Give again, exactly as written, the lines of the records below from the line with "145-50300, N wire" to the line with "In Eastern Polynesia". Both end lines count; pictures do not.

- _Input for this task_
##############################

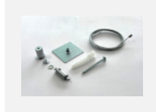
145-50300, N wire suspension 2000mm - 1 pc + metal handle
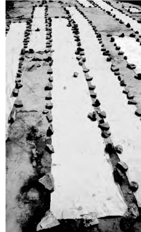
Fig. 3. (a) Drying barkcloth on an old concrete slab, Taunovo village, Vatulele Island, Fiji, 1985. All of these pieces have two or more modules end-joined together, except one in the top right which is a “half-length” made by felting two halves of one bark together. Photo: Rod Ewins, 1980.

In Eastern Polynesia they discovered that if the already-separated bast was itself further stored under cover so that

##############################

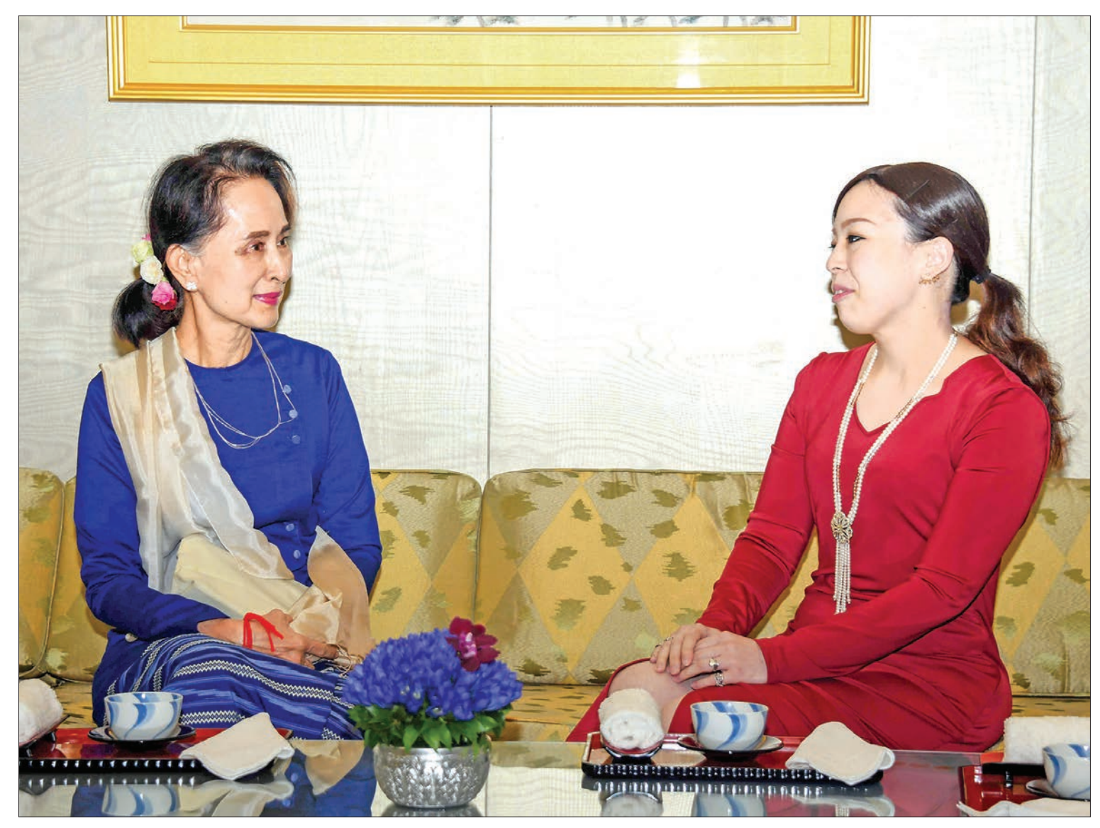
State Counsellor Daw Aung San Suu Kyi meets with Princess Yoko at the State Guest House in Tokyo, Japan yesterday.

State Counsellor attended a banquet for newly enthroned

##############################

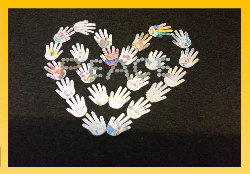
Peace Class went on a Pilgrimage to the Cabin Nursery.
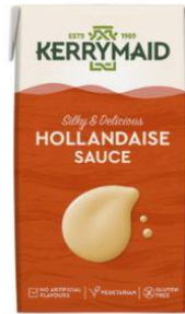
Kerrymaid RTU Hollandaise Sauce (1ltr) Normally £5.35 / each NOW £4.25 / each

##############################

- _Completed exercise_
145-50300, N wire suspension 2000mm - 1 pc + metal handle
Fig. 3. (a) Drying barkcloth on an old concrete slab, Taunovo village, Vatulele Island, Fiji, 1985. All of these pieces have two or more modules end-joined together, except one in the top right which is a “half-length” made by felting two halves of one bark together. Photo: Rod Ewins, 1980.

In Eastern Polynesia they discovered that if the already-separated bast was itself further stored under cover so that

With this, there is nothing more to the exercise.